第3回目の今回は法人の設立手続についてご紹介します。
事業を展開するに当たっては、個人事業と法人とがあります。起業する際に個人事業ではじめるか、法人を設立するか悩むときには、それぞれのメリット、デメリットを把握してこれからはじめる事業がどちらにあうか判断するとよいでしょう。
個人事業は開業の手続や経理が簡単なほか、給与額や機関設計の決定も自由にできます。法人は設立費用や社会保険料がかかりますが、対外的な信用度が比較的高く、給与所得控除、長期の欠損金の繰越、退職金の損金算入ができるなどのメリットがあります。融資を受ける際には事業計画書等が決め手になりますが、資本金が確保されている法人の方が審査が通りやすいこともあります。
法人を設立する場合、一般的に営利を目的とするのであれば株式会社、ボランティアが主体であればNPO法人、人やモノの集まりが主体であれば社団法人や財団法人などがありますが、ここでは株式会社についてお話しします。
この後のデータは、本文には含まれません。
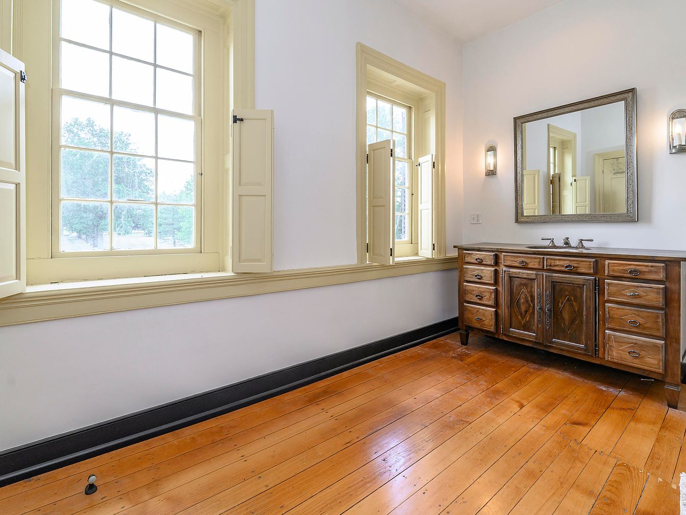 A bright and spacious bathroom nook is showcased with large paned windows inviting natural light into the space. The traditional wooden vanity features intricate detailing and offers ample storage with multiple drawers, making it ideal for family use. Neutral cream window frames and trim complement the soft white walls, lending a calm and inviting air. The hardwood floors add warmth and character while being practical for daily living. Above the vanity, a sizable mirror sits between two elegant wall sconces, providing both functional lighting and a classic aesthetic. The overall layout supports easy movement, perfect for busy mornings.
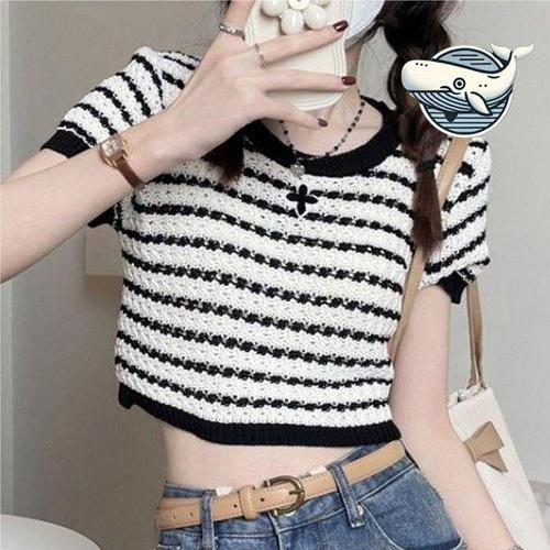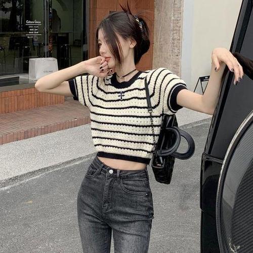[에이치플러스몰]쿨한 여자 큐티 스트라이프 크롭 니트 반팔티셔츠
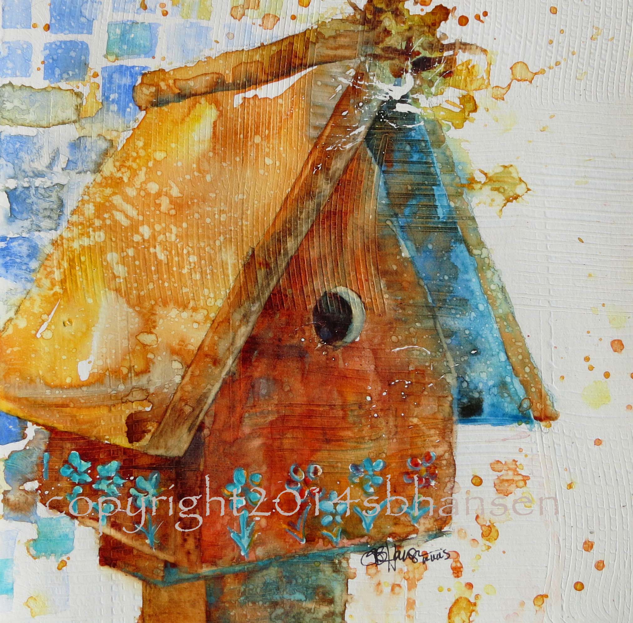 So in anticipation of spring, I offer up my small little painting this Thursday, called “Flowered Birdhouse”.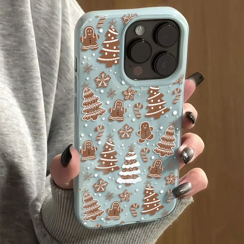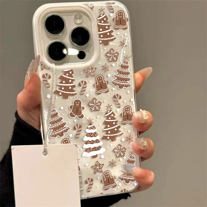 Cartoon Christmas Tree Snowman Phone Case For iPhone 17 16 15 14 Plus 13 12 11 Pro Max 16 Plus Shockproof Folds Texture Cover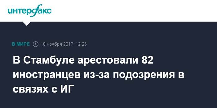 Москва. 10 ноября. INTERFAX.RU - Полиция Стамбула в ночь на пятницу арестовала не менее 82 граждан других стран, которых подозревают в связях с группировкой "Исламское государство" (ИГ, запрещена РФ), сообщает турецкая газета "Сабах".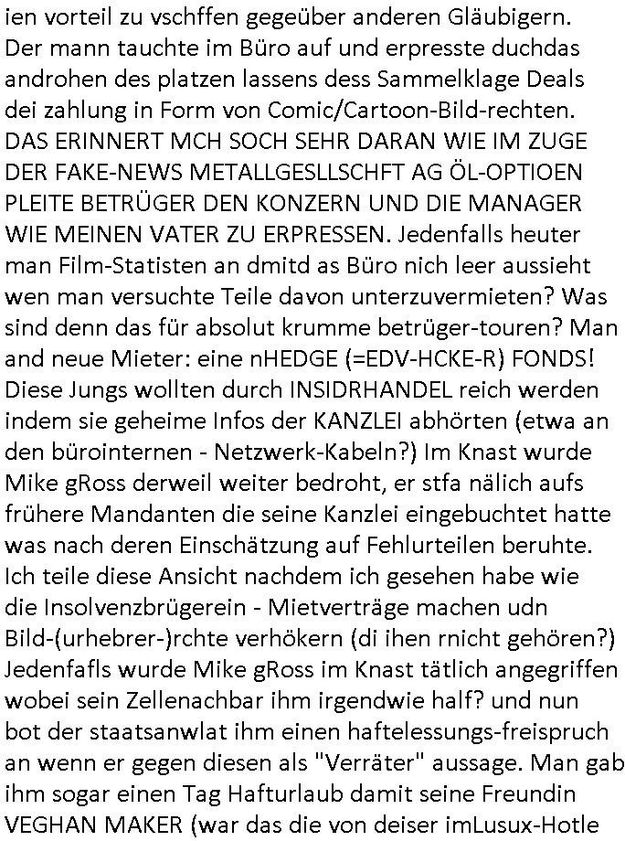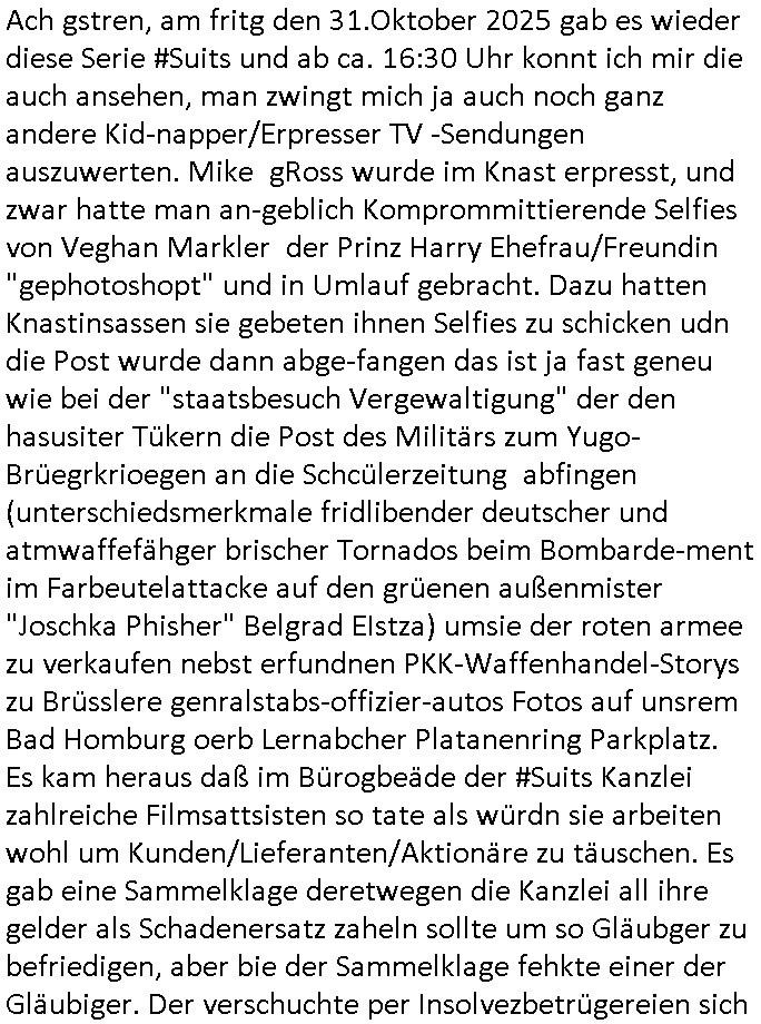 01.11.2025 07:00 Ach gstren, am fritg den 31.Oktober 2025 gab es wieder diese Serie #Suits und ab ca. 16:30 Uhr konnt ich mir die auch ansehen, man zwingt mich ja auch noch ganz andere Kid-napper/Erpresser TV -Sendungen auszuwerten. Mike gRoss wurde im Knast erpresst, und zwar hatte man an-geblich Komprommittierende Selfies von Veghan Markler der Prinz Harry Ehefrau/Freundin "gephotoshopt" und in Umlauf gebracht. Dazu hatten Knastinsassen sie gebeten ihnen Selfies zu schicken udn die Post wurde dann abge-fangen das ist ja fast geneu wie bei der "staatsbesuch Vergewaltigung" der den hasusiter Tükern die Post des Militärs zum Yugo-Brüegrkrioegen an die Schcülerzeitung abfingen (unterschiedsmerkmale fridlibender deutscher und atmwaffefähger brischer Tornados beim Bombarde-ment im Farbeutelattacke auf den grüenen außenmister "Joschka Phisher" Belgrad EIstza) umsie der roten armee zu verkaufen nebst erfundnen PKK-Waffenhandel-Storys zu Brüsslere genralstabs-offizier-autos Fotos auf unsrem Bad Homburg oerb Lernabcher Platanenring Parkplatz. Es kam heraus daß im Bürogbeäde der #Suits Kanzlei zahlreiche Filmsattsisten so tate als würdn sie arbeiten wohl um Kunden/Lieferanten/Aktionäre zu täuschen. Es gab eine Sammelklage deretwegen die Kanzlei all ihre gelder als Schadenersatz zaheln sollte um so Gläubger zu befriedigen, aber bie der Sammelklage fehkte einer der Gläubiger. Der verschuchte per Insolvezbetrügereien sich ien vorteil zu vschffen gegeüber anderen Gläubigern. Der mann tauchte im Büro auf und erpresste duchdas androhen des platzen lassens dess Sammelklage Deals dei zahlung in Form von Comic/Cartoon-Bild-rechten. DAS ERINNERT MCH SOCH SEHR DARAN WIE IM ZUGE DER FAKE-NEWS METALLGESLLSCHFT AG ÖL-OPTIOEN PLEITE BETRÜGER DEN KONZERN UND DIE MANAGER WIE MEINEN VATER ZU ERPRESSEN. Jedenfalls heuter man Film-Statisten an dmitd as Büro nich leer aussieht wen man versuchte Teile davon unterzuvermieten? Was sind denn das für absolut krumme betrüger-touren? Man and neue Mieter: eine nHEDGE (=EDV-HCKE-R) FONDS! Diese Jungs wollten durch INSIDRHANDEL reich werden indem sie geheime Infos der KANZLEI abhörten (etwa an den bürointernen - Netzwerk-Kabeln?) Im Knast wurde Mike gRoss derweil weiter bedroht, er stfa nälich aufs frühere Mandanten die seine Kanzlei eingebuchtet hatte was nach deren Einschätzung auf Fehlurteilen beruhte. Ich teile diese Ansicht nachdem ich gesehen habe wie die Insolvenzbrügerein - Mietverträge machen udn Bild-(urhebrer-)rchte verhökern (di ihen rnicht gehören?) Jedenfafls wurde Mike gRoss im Knast tätlich angegriffen wobei sein Zellenachbar ihm irgendwie half? und nun bot der staatsanwlat ihm einen haftelessungs-freispruch an wenn er gegen diesen als "Verräter" aussage. Man gab ihm sogar einen Tag Hafturlaub damit seine Freundin VEGHAN MAKER (war das die von deiser imLusux-Hotle geplatzten "ORANGEN ENTEN" - hochzeit wie Skeretärin /Ansstgehiflin "DONNA" absagte) ihn überredet. Das ist diese Rothaarige (benutzt die wie Emma Stone ihr rotes Hexen - Haar als Antenne um als Alien - Reptiloide mit ihrem Mutter-schiff zu kommuniziren?) Donna/Rafferty (wenn ich den DTAG-Time-Boogie Titelsong richtig im gedächtnis habe) die mich erinnert hat an diese Pierson von der band B52s respektive Dorotha Popolski von "der Familie Popolski", da ging es um richtig penetrant nach inisderhandel-Infos bohrende Wirtschafts-Journaille zum Thema Metllegsellschaft Öl zeitnah zum Bankvorstand #Herrhausen RAF Sprengstoffanschlag in Bad Homburg. Bei der Frage ob "Onkel Dagobert" beim Milchbar-Terror Schülerzetungs-Artikel hinrreichnder Satire-Detektor sei. https://tvinfo.de/fernsehprogramm/2219091378-suits https://tvinfo.de/fernsehprogramm/2219091381-suits https://tvinfo.de/fernsehprogramm/2219091384-suits https://tvinfo.de/fernsehprogramm/2219091387-suits Kursmanipulation um an Frirmen-Insolvenz-Immobilen zu kommen? TELEKOM DCF-77 ZEIT - STEMPEL https://en.wikipedia.org/wiki/The_Bomb!_(These_Sounds_Fall_into_My_Mind) https://www.bpb.de/kurz-knapp/hintergrund-aktuell/196955/vor-30-jahren-ermordung-von-alfred-herrhausen/ https://www.bild.de/unterhaltung/stars-und-leute/paris-hilton-wird-an-halloween-zur-spears-das-doppelte-britchen-69047e8edf9fa029228eed41 https://www.bild.de/unterhaltung/film-kino/emma-stone-fuer-ihre-rolle-in-bugonia-rasierte-sie-eine-echte-glatze-69023c34fa1876cd16274554 https://de.wikipedia.org/wiki/Evolution_(Film) https://www.fernsehserien.de/south-park/folgen/11x03-laustrophobie-103057 https://www.tvinfo.de/fernsehprogramm/2202975619-south-park [0] "202511010700-0-1.jpg" [1] "202511010700-0-2.jpg" [2] "202511010700-0-3.jpg" [3] "202511010700-0-4.jpg" |

株式会社を設立する際には、商号、事業目的、本店所在地、資本金、事業年度、機関設計などを考え、定款を作成し公証人の認証を得ます。その後、資本金の払込みや現物出資を行い、法務局へ登記申請を行います。会社の設立後、健康保険や厚生年金、労働基準監督署や公共職業安定所、税務署への手続を行います。
これらの手続の情報は、市販の書籍やインターネットからも得ることができますが、事業の目的や内容は会社ごとに大きく異なりますので、一度でも専門家に相談した方がより適切な機関設計や経営戦略についてアドバイスを受けることができます。また専門家は、助成金や補助金、節税や企業法務、マーケティングなど正確かつ豊富な知識も有していますから、積極的に活用なさってください。
起業する際の何点か気を付けなければならないことがあります。助成金や補助金の多くは雇用や事業の継続を条件に数か月後に受給できるものですから、起業開始前に現金でもらえる助成金等は多くはありませんのである程度自己資金が必要です。
また、給与所得者のように毎月決まった給与を受け取れるわけではなく、労働時間と収入は必ずしも比例しません。さらに会社から自動的に退職金や休業補償を受けられるわけではないので給与所得者より将来設計はきちんと行わなければなりません。当職としては給与所得者の少なくとも1,5倍から2倍以上の収入を得て老後に備えるよう顧客にアドバイスしています。
会社の経営は難しいですが、人とのつながりなど人生の生きがいに結びつくことは多いですから、「第二の人生」まで待たずに好機があれば積極的に起業されることをお勧めします。